¡Justificados! (I)
La justificación y la doctrina de la Trinidad.
10 DE FEBRERO DE 2019 · 12:00
Estamos hoy en la carta a los romanos, la epístola de epístolas. Es la carta paulina más extensa y la más sobresaliente desde un punto de vista doctrinal.
Lutero comentó que este libro contiene “el más puro evangelio” y es la carta más importante del canon bíblico. El alemán llegó a animar a los creyentes a memorizar los dieciséis capítulos de la epístola.
El pasaje que hemos escogido para desarrollar la enseñanza bíblica sobre la justificación (Romanos 3:24-26) es un auténtico banquete.
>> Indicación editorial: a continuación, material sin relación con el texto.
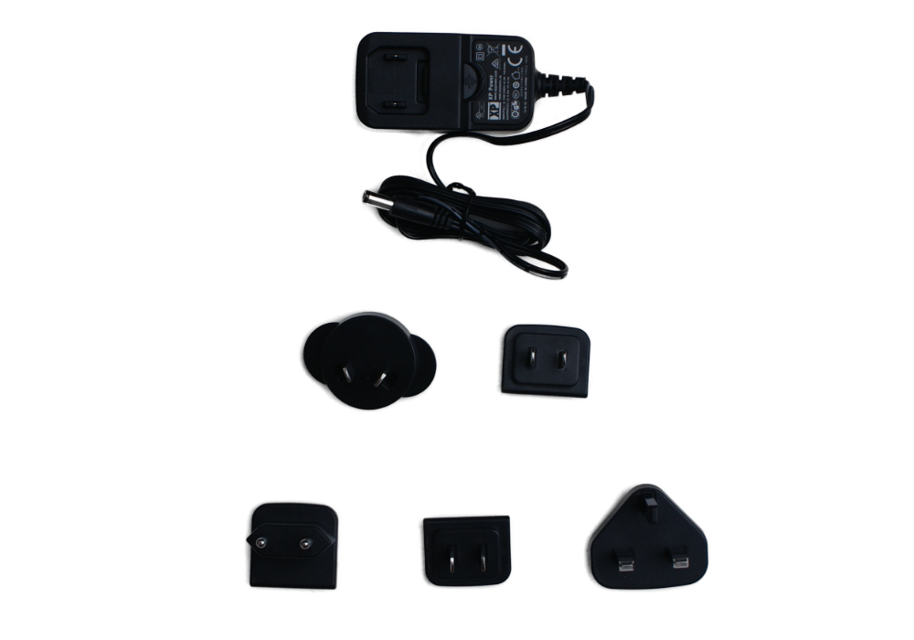 The universal power adapter includes a set of 5 interchangeable plugs that allow you to charge your Nexus DSC, Nexus DSC Pro, and Nexus-II no matter your location. Simply attach the correct plug to the wall mount adapter and then plug it into the wall socket.

El exégeta del Nuevo Testamento Charles Cranfield comentó que Romanos 3:24-26 es el centro y el corazón de toda la sección principal de la carta. Leon Morris opinó que, “posiblemente sea el párrafo más importante que jamás se haya escrito”.1
Con temor y temblor, queremos acercarnos a este precioso texto y dividirlo en los siguientes cuatro puntos para apreciar mejor la doctrina de la justificación: 1) la gracia del Padre; 2) la redención del Hijo; 3) la fe del Espíritu; 4) la justificación del pecador.
Estaremos viendo los primeros dos puntos hoy y los siguientes dos la semana que viene.
1.- LA GRACIA DEL PADRE
Antes de hablar sobre las buenas noticias del evangelio, Pablo –en los primeros capítulos de Romanos- nos habla sobre las malas noticias de la condenación eterna. Todos han pecado (tanto judíos como gentiles), por lo tanto, todos son dignos de condenación.
El mensaje del apóstol es que Dios está airado a causa de la impiedad y la injustica de los seres humanos (1:18). Pablo se esfuerza al máximo para expresar la idea de que todos somos seres caídos, pecadores, impíos, corruptos, dignos de la ira de Dios.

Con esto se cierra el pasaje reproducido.